Il ritorno alle attività sportive agonistiche o ai lavori pesanti richiede solitamente dai 4 ai 6 mesi, previo controllo radiografico o TC che confermi la completa unione ossea.

Prevenzione

Prevenire le lesioni allo scafoide significa ridurre l'impatto dei traumi al polso:

  • Protezioni sportive: L'uso di polsiere rigide è fondamentale per chi pratica snowboard, skateboard o pattinaggio in linea.
  • Tecnica di caduta: Imparare a rotolare durante una caduta invece di opporre le mani tese può distribuire l'energia dell'impatto.
  • Salute ossea: Mantenere buoni livelli di Vitamina D e Calcio per prevenire l'osteoporosi.
  • Sicurezza sul lavoro: Utilizzare dispositivi di protezione individuale adeguati in contesti industriali o edilizi.

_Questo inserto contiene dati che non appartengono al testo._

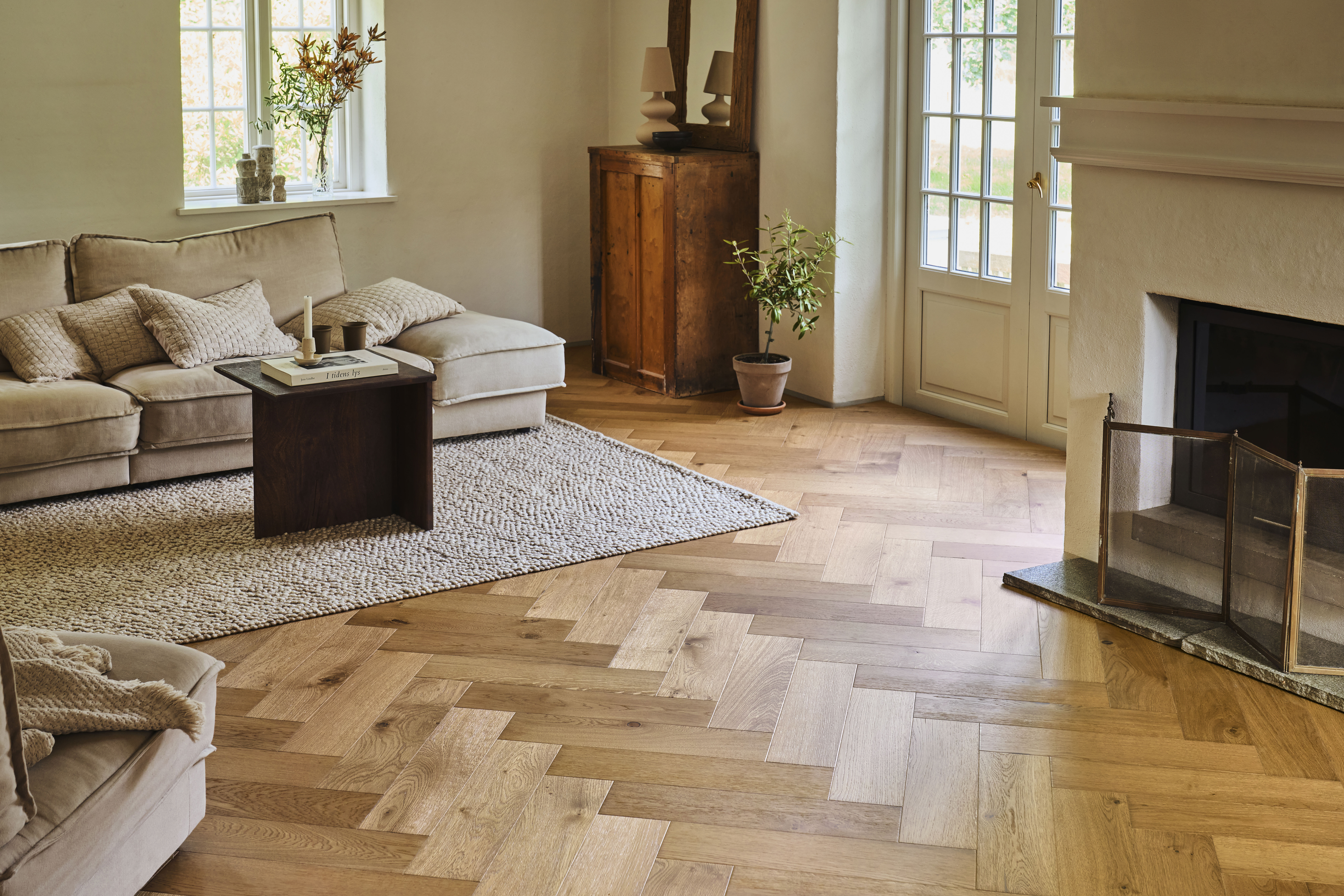 – Jeg vil bruge gulvet som fundament og arbejde videre med naturinspirerede farver som støvet blå, kalket hvid, salviegrøn og sand. Og så vil jeg indrette med bløde tekstiler som hør og bomuld, og tilføje naturlige materialer som en flettet kurv eller en håndlavet skål for at give hjemmet sjæl.

Quando Consultare un Medico

È fondamentale non sottovalutare mai un trauma al polso, anche se sembra lieve. È necessario consultare un medico o recarsi in pronto soccorso se:

  • Il dolore al polso persiste per più di 48-72 ore dopo una caduta.
  • Si avverte un dolore acuto premendo nella tabacchiera anatomica.
  • Il gonfiore non diminuisce con il ghiaccio e il riposo.
  • Si nota una significativa perdita di forza nella mano.
  • Il polso appare rigido e i movimenti sono limitati.

Una diagnosi precoce (entro i primi 7-10 giorni) è il fattore più importante per evitare interventi chirurgici complessi e prevenire la disabilità permanente del polso.